Ne pas oublier les civils dans la lutte antiterroriste au Sahel
La Cédéao promet un milliard de dollars supplémentaires pour combattre le djihadisme ces quatre prochaines années. Les ONG de la société appellent à investir dans le développement plutôt que dans la réponse militaire.
La Cédéao promet un milliard de dollars supplémentaires pour combattre le djihadisme dans les quatre prochaines années.
A première vue, la somme paraît importante : c’est plus du double de celle promise fin 2018 à la force conjointe du G5 Sahel par les bailleurs étrangers (Union européenne, Arabie Saoudite, Etats-Unis, France et Emirats arabes unis). D’autant que ces fonds n’ont pas tous été débloqués.
Cette fois, la somme promise provient de fonds internes de la Cédéao, élargie pour l’occasion à la Mauritanie et au Tchad.
Un milliard de dollars, pour quoi faire exactement ? Pour le moment, on ne sait pas : le budget et le plan seront détaillés au prochain sommet sous-régional à Abuja, en décembre.
Ce qui a déjà été annoncé, est que la somme sera employée à “renforcer les capacités opérationnelles” des forces armées du G5 Sahel et des armées nationales déployées sur le terrain.
Briser le cycle de violence…
L’annonce déçoit les organisations de la société civile dans les zones concernées qui mettent plus l’accent sur l’aide au développement.

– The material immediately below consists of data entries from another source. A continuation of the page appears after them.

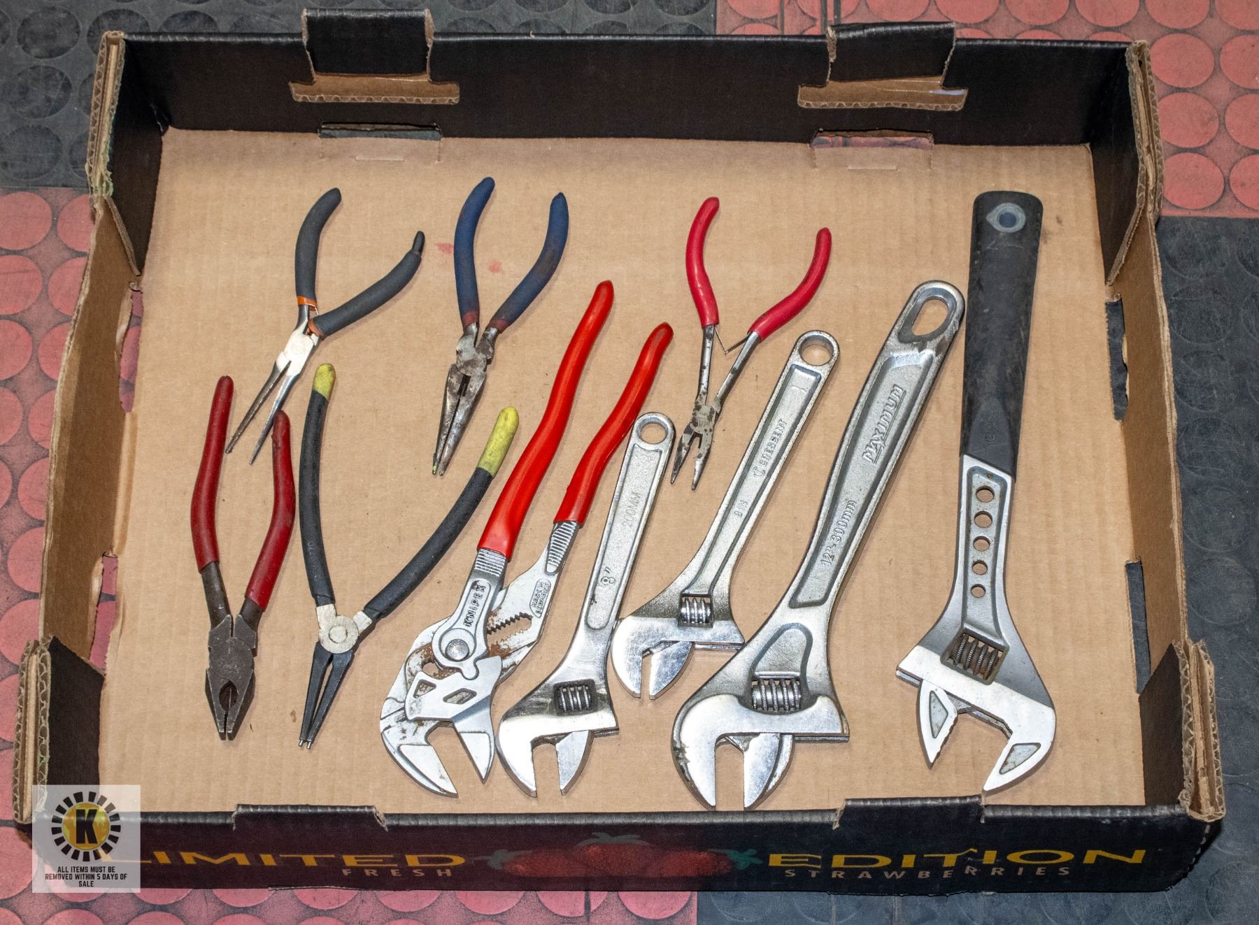 TWO X 12" CRESCENT WRENCHES, TWO X 8" CRESCENT, KNIPEX 12" CHANNEL LOCK, NEEDLENOSE PLIERS/CUTTERS, SQUARENOSE PLIERS/CUTTERS, CLIP PIN REMOVER **ALL ITEMS MUST BE REMOVED BY 5PM SATURDAY, APRIL 3RD 2025. ALL REMAINING ITEMS WILL BE SUBJECT TO A $6.00 PER DAY STORAGE CHARGE. ANY ITEMS REMAINING AFTER MONDAY, MAY 19TH 2025 WILL BE CONSIDERED FORFEITED. NO REFUNDS WILL BE ISSUED FOR FORFEITED ITEMS. TO SCHEDULE A PICK UP APPOINTMENT CLICK HERE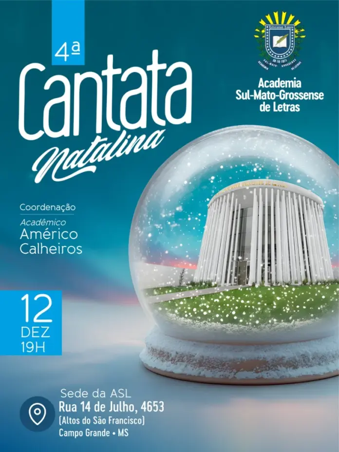 Já tradicional no calendário anual de eventos da Academia Sul-Mato-Grossense de Letras, será realizada, no dia 12 de dezembro, a 4ª Cantata Natalina da ASL, reunindo oito Corais de Campo Grande (sexta-feira, no auditório da instituição, às 19h). O evento, que encerra as atividades em 2025 da ASL, tem a coordenação do acadêmico Américo Calheiros e o público terá a oportunidade de assistir apresentações de tradicionais canções natalinas e outras que evidenciam o espírito do Natal.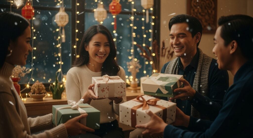 ขอบคุณภาพจาก Shutterstock AI Generator Prompt : A hyper-realistic, cinematic scene of Thai people exchanging New Year gifts in a warm, festive setting. Capture authentic Thai features, joyful expressions, and a cozy atmosphere with golden fairy lights, subtle decorations, and soft celebratory sparkles. Show elegant gift boxes being presented or received, wrapped in refined, modern Japanese-inspired packaging to evoke exclusivity and seasonal anticipation. Include gentle winter-like elements—soft falling snow or cool mist—blending naturally into a tropical Thai environment to symbolize a limited-time seasonal moment. No text. Premium, emotional, Instagrammable, and visually irresistible.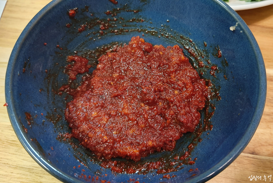 고춧가루 3숟가락 반, 고추장 1숟가락, 간마늘 1큰술, 다진 생강 조금, 진간장 3숟가락, 국간장 1/2 숟가락, 후추 조금, 조미료(MSG) 조금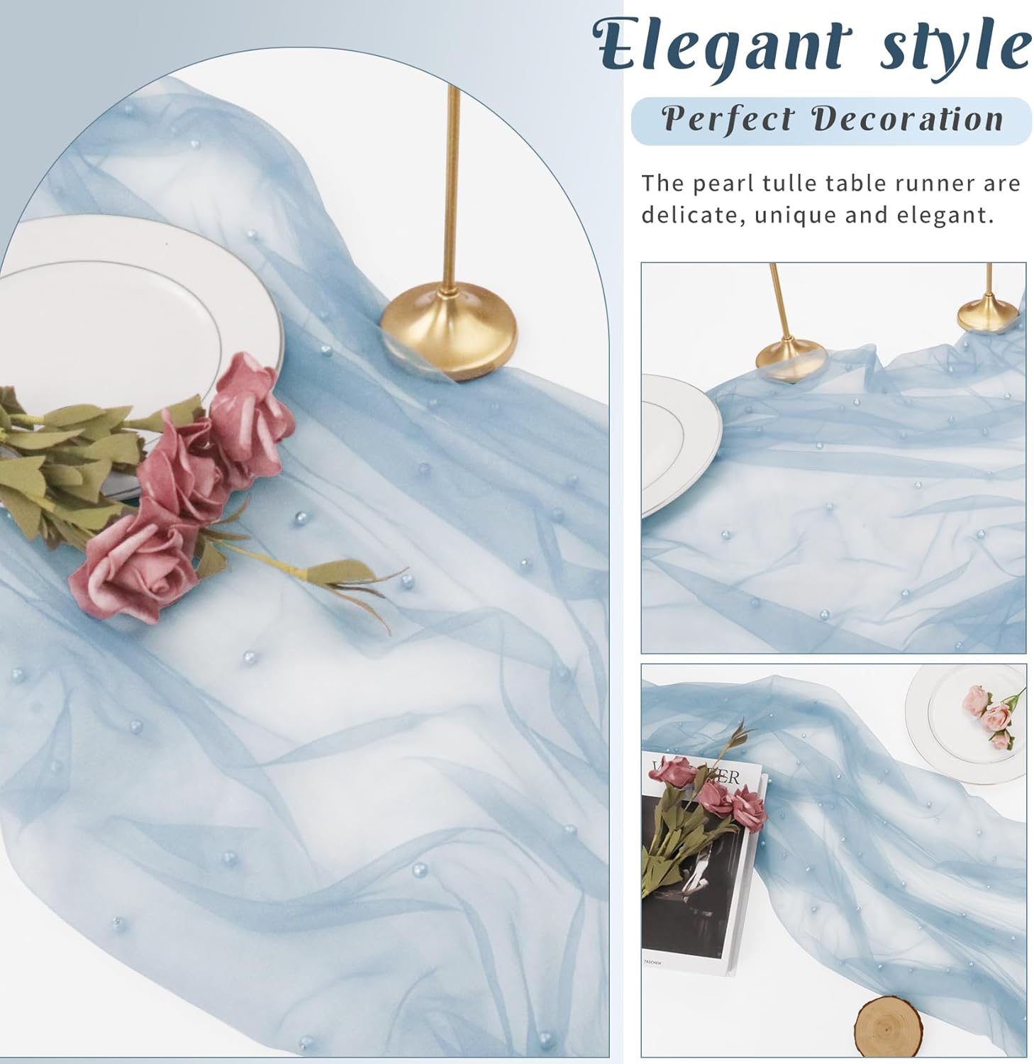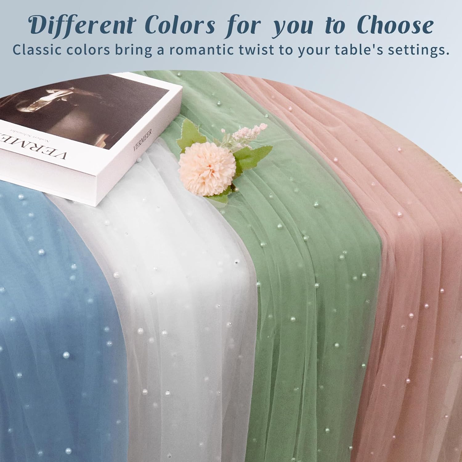• 【Exquisite Workmanship】 These romantic table runners are made of premium tulle. Soft feeling, sheer, reusable, easy to clean and fade resistant. Delicate pearls embellished table runner works perfectly for many types of event decor, which will add a ton of elegance to any space.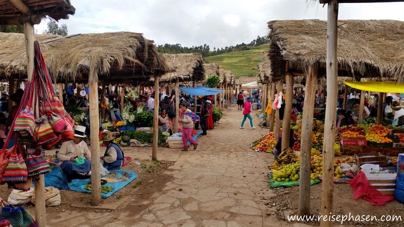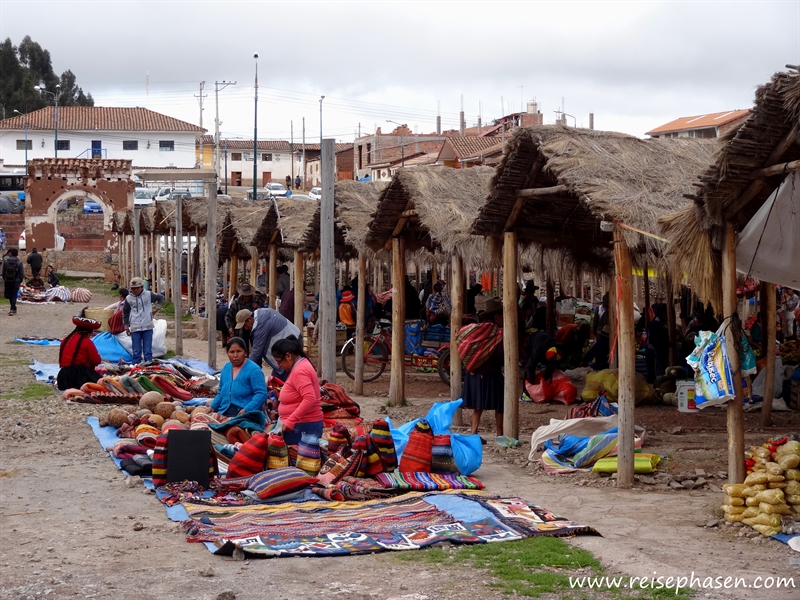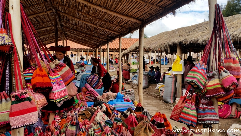 Danach sind wir noch über den Markt von Pisac gelaufen. Allerdings waren wir spät dran und einige Stände wurden schon geschlossen. Es war ein großer Markt mit Souvenirs, Kunsthandwerk, Silberschmuck, Alpakapullover, Tücher, Decken….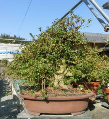Though I had planted it in a very large terracotta pot, I planted it in the nursery in 1994, which I made in 1991. When we built the new house in 2000, after I had dug several satsuki trees out of the nursery and made it small, I transplanted it in other place of the nursery again. When five years passed since this transplanting, the trunk girth began to grow much thicker.

Amadou Barre Cheffou, secrétaire exécutif de l’ONG Karkara travaille notamment dans la région de Tillaberi au Niger, dans la zone frontalière avec le Mali et regrette la “désolation” semée par les groupes armés :
“Ils brûlent les écoles, ils chassent les enseignants et s’en prennent même aux autorités locales qu’ils considèrent comme les informateurs du gouvernement au niveau du pays. Les besoins sont énormes, au-delà de la sécurité, parce que les populations qui ont dû quitter leur village et leur ménage ont des besoins alimentaires, des besoins de soins et aussi d’éducation de leurs enfants.”
… en misant sur les jeunes
Le politologue nigérien Souley Adji estime qu’il faut agir en priorité en direction des jeunes.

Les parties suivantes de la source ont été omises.